Data to examine:
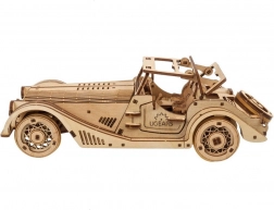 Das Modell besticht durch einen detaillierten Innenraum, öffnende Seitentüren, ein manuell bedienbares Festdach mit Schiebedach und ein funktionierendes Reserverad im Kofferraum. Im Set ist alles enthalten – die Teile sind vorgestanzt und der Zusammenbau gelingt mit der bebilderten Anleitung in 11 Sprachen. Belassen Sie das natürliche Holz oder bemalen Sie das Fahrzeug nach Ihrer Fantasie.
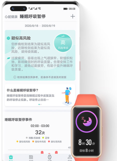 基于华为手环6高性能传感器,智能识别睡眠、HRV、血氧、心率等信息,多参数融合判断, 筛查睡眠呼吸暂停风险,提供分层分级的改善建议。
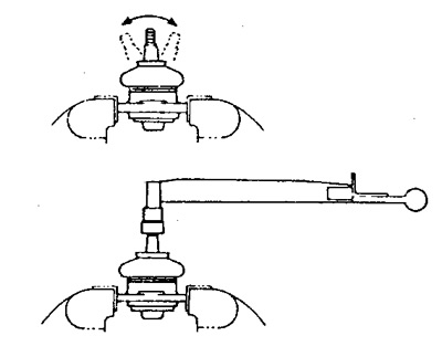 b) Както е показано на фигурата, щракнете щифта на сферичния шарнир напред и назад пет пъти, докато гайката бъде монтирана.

* * *

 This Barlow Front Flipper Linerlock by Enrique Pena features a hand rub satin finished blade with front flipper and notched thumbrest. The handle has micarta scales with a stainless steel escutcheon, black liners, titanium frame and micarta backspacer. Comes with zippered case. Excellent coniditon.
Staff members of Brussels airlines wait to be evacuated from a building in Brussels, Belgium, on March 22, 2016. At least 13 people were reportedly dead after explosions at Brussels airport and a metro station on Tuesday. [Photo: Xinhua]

...

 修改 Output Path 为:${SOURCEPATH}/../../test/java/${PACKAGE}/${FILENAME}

Exercise brief: Using the data above, set down each line from the line with "基于华为手环6高性能传感器,智能识别睡眠" to the line with "b) Както е показано" exactly, both ends included, and leave the pictures behind. Nothing else belongs.

Solution to the exercise:
 基于华为手环6高性能传感器,智能识别睡眠、HRV、血氧、心率等信息,多参数融合判断, 筛查睡眠呼吸暂停风险,提供分层分级的改善建议。
 b) Както е показано на фигурата, щракнете щифта на сферичния шарнир напред и назад пет пъти, докато гайката бъде монтирана.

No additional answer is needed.